И салат, кстати, вкусный. И рыба. И вино. И скоро уже поедем.
…
Застолье постепенно иссякло. Карла ответила на несколько вопросов – женщинам было интересно, откуда у нее такое редкое имя, где она училась, кем работает, дано ли приехала, где жила до этого. Похвалили ее украшения, спросили, у кого она стрижется. Была надежда, что вот-вот – и заговорят об интересном; была да сплыла. Ну хоть о чем-то неожиданном. Ну пусть о чем-то дежурном, но с проблеском бодрствующего сознания. Карла ждала, что у кого-то вырвется живое слово, на которое можно ответить другим словом, тоже имеющим смысл.
Нет, не вырвалось.
Она благодарила за накладываемые закуски, дважды попросила передать салат, отказалась от водки, выпила красного вина, пару раз выходила на балкон покурить, смотрела из-за неглубокой ночной кулисы внутрь, в комнату (там говорили о ценах, о рецептах, ругали правительство, ругали правых, ругали левых), потом обернулась лицом во тьму. Там что-то колыхалось, вздыхало, шевелилось, тихо печалилось, сулило спасение, звало к себе.
Скоро, я уже скоро, уже иду.
Женщины принесли кофе и чай.

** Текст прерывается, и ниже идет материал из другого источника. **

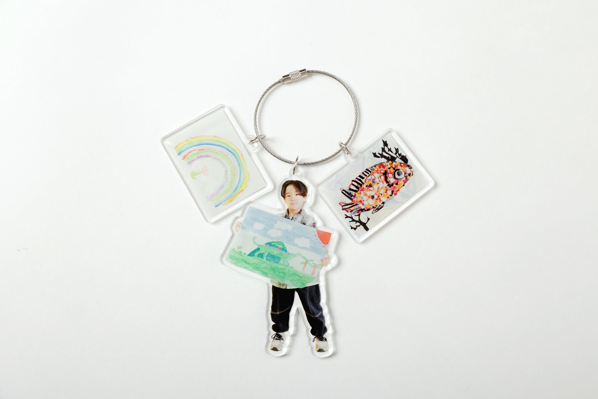 お子様と作品の撮影に加え、作品単体の撮影も行い、完成した写真は「デザイン台紙」「ワイヤーアクリルキーホルダー」に仕上げてお渡しします。進級・進学の記念としてはもちろん、何気ない一年間の成長を“作品”という視点から振り返ることができる点が特長です。完成したキーホルダーは、お子様のランドセルに付けたり、祖父母へのプレゼントとしても活用でき、思い出を日常の中で楽しめる形で残すことができます。
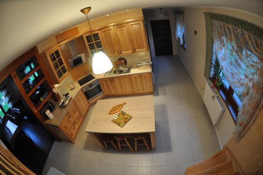 Kuchnia - płyta indukcyjna, piekarnik, kuchenka mikrofalowa, frytkownica, ekspres do kawy, zmywarka, blender, naczynia żaroodporne, komplet talerzy itp. dla 15 osób
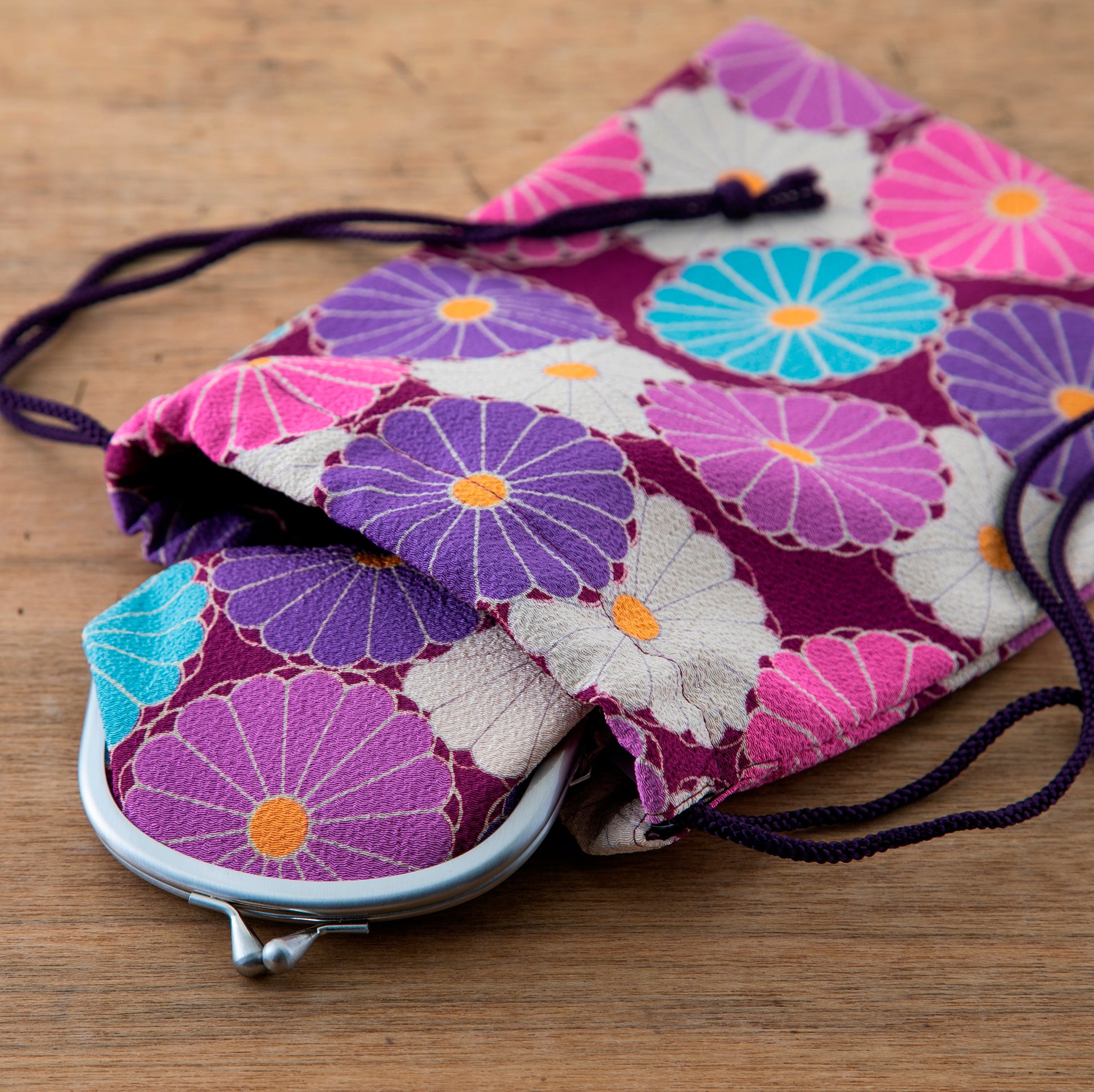 のレン オリジナルのファブリック、レトロフラワーを用いた巾着は、柔らかなちりめん織の風合いが魅力。生地表面の繊細な凹凸が光をやわらかく反射し、色彩に深みを与えて上品な趣を演出します。和の彩りをモダンに映し出す柄と相まって、どこか懐かしくも新鮮な「レトロモダン」の世界観を表現したデザインで、シワになりにくく、普段使いにはもちろん、ちょっとしたお出かけにも華やぎを添えてくれる逸品です。
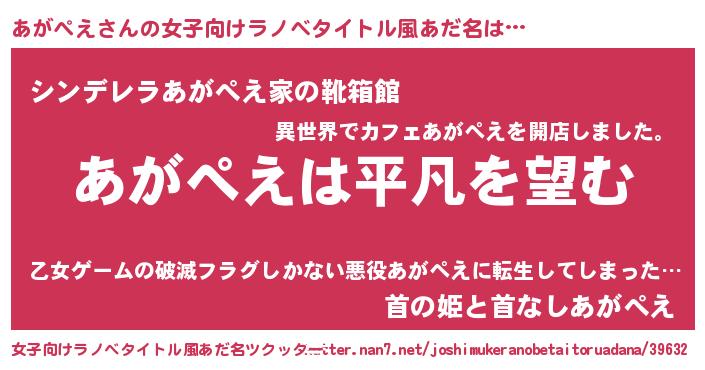| ヘコむあだ名 | 『あがぷりん』『あがぺえ(遠い目)』 |
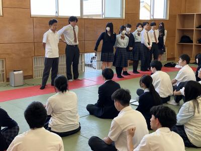 本校の総合学科特有の系列紹介や、特色のある授業について説明を行いました。1年生は自分の将来のことを考えながら、真剣に説明を聞いていました。
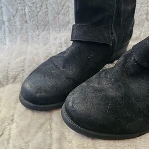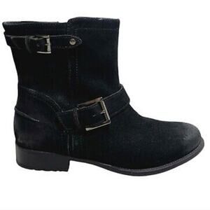 Clarks Plaza Float Moto Boots Womens 8.5 Black Suede Buckle Comfort Distressed
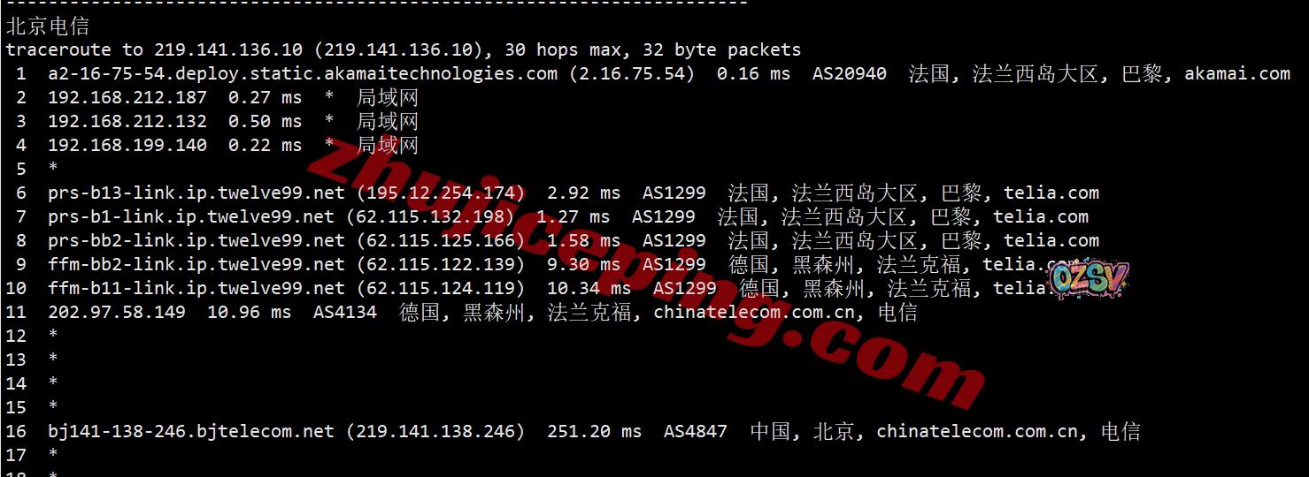 北京/广州:走telia到德国法兰克福,从电信法兰克福节点直连回国
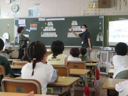 担任の先生とALTの先生がお手本を見ながら、会話の仕方を学んでいました。

Сладкий стол. Съели и его.
Карла, радуясь, что все уже почти кончилось, совсем отмякла и осмелела и спросила: «А есть ли джезва? А давайте я всем, кто захочет, кофе сварю, крепкий, еще не поздно ведь! Кто хочет?»
И пока все думали – а кто же действительно хочет кофе? – она взяла стопку грязных тарелок и понесла на кухню. Увидела там прямо на столе пачку молотого кофе, незнакомый сорт, стала рассматривать, стоя спиной к двери. Сзади раздались шаги. Карла не оборачивалась – но по стуку каблуков поняла, что это кто-то из женщин. Шаги затихли прямо за спиной, раздались другие, Карла не оборачивалась.
Вошли еще двое, мужчины, остановились у холодильника, оперлись, холодильник скрипнул. Карла все не выпускала из рук пачку с кофе, не оборачивалась, не шевелилась. Еще шаги, потом еще.
Последним в кухню зашел Дов, прикрыл дверь и дважды – щелк-щелк – провернул ключ в замке.
Щелк.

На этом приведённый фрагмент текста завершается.